Energy Minister Chris Bowen’s estimate that it would cost $387 billion to replace existing coal-fired power stations with small modular reactors (SMRs) is unlikely to quieten the advocates of “having a debate” over nuclear.
Indeed The Australian’s editorialist fired straight back, comparing this estimate with a suggested cost of $1.5 trillion to decarbonise the economy by 2050. The fact that the second estimate includes replacement, not just of coal-fired power stations but of all uses of gas and oil (electricity, transport, heating and industry), seems to have escaped the writer.
Nuclear industry has gone nowhere in the past 20 years, with old plants closing as fast as new ones opened. But nuclear advocates’ hopes remain undimmed. Central to their faith is the example of the French nuclear build in the 1970s and ’80s. From a standing start, France built 56 power stations in 15 years, most of which still operate today.
But nuclear advocates have drawn the wrong lesson from the French experience. The crucial factor was not the merits of nuclear technology, but the strength of the French state and the determination of Prime Minister Pierre Messmer, embodied in the “Messmer plan”.
What we need today is not a nuclear renaissance but an Australian Messmer plan for solar photovoltaic (PV) and wind.
The Messmer plan had its origins in the immediate aftermath of the OPEC oil shock of October 1973. Less than six months later, on March 6, 1974, Messmer announced that France would go “all electric, all nuclear” to free itself from dependence on fuel imports.
The speed with which the plan was implemented seems unbelievable now. There was no debate in Parliament and scientific critics were brushed aside. By November 1974, the first concrete was being poured at three power stations. There was no time for environmental impact statements, community consultation or economic analysis. The project was undertaken entirely within the public sector, with access to low-cost finance and unpriced resources.
The Messmer plan eventually ran out of steam. Escalating costs of power plant construction and a decline in the price of oil meant that the “all electric” part of the plan never happened. But at least in electricity, France remains a standout case of a rapid energy transition driven by government action.
The critical point is that the success of the Messmer plan didn’t depend in any way on the fact that the chosen technology was nuclear power. Even with the power of the French state to override obstacles, nuclear plants still took an average of six years to build. By contrast, once the lengthy permitting phase is over, a wind turbine project can be completed in six or seven months. Under favourable conditions, solar PV can be installed even faster.
An Australian Messmer plan would override all the obstacles that prevent a rapid transition to carbon-free energy. The complexities of the national electricity market and its pricing schemes would be swept away. Nimby objections to the appearance of wind turbines and claims about undetectable health effects would be ignored. Transmission lines would be built where and when they were needed, with no need to consult landowners.

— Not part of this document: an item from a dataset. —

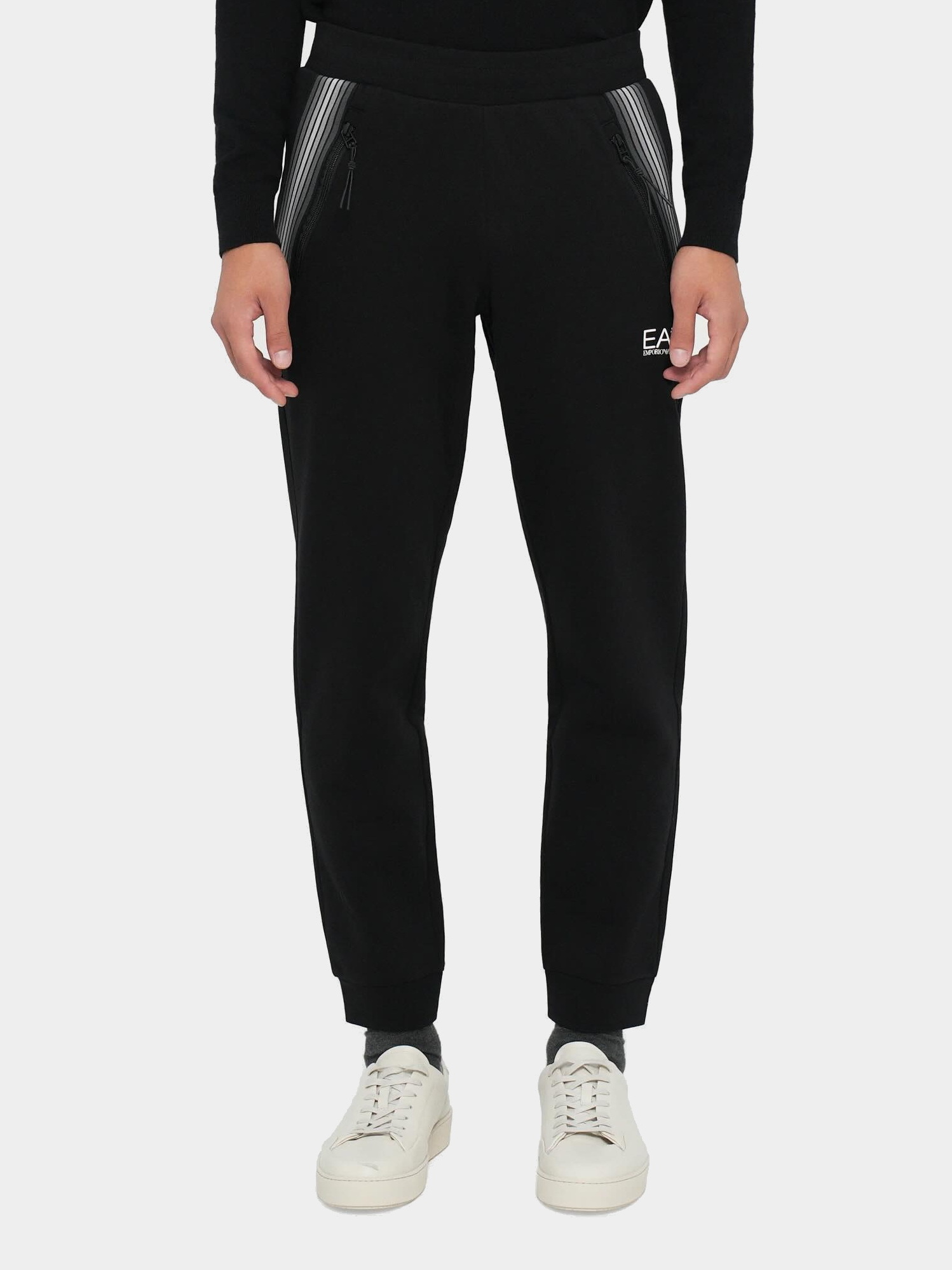 Мужские спортивные брюки 7 Lines — динамичная модель прямого кроя, зауженная к низу и дополненная манжетами. Средняя посадка и эластичный пояс обеспечивают комфорт и свободу движений, а боковые карманы на молнии добавляют удобства. Контрастный логотип и фирменная лента с семью полосами подчёркивают спортивный стиль бренда. Идеально сочетаются с толстовкой из коллекции 7 Lines.
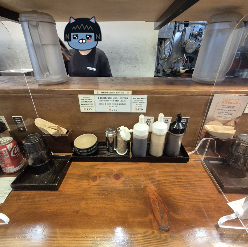 자리를 안내 받으면 각종 소스가 있는 개인 자리에 앉을 수 있습니다. 조금 불편했던 건 코로나 시대 봤었던 아크릴 칸막이가 있는데 좁은 공간에 더 좁더라고요. 개인 자리 공간 확보를 위해 둔 것도 어느 정도 이유가 있을 것 같습니다.

The original Messmer plan failed to electrify transport, but that would be much easier today. Importing internal combustion engine (ICE) vehicles would be banned, and existing vehicles would be subjected to increasingly stringent requirements. Industry would similarly be pushed to electrify as fast as possible.
Obviously nothing like this is going to happen in the Australia of 2023. We have environmental impact assessments and community consultation for good reasons, and that isn’t going to change. Concerns about public debt still limit the scope of public investment. And since the departure of Kevin Rudd (whose announcement of the NBN was almost as abrupt as that of the Messmer plan), there is no-one on the national political scene with anything like the drive of Messmer.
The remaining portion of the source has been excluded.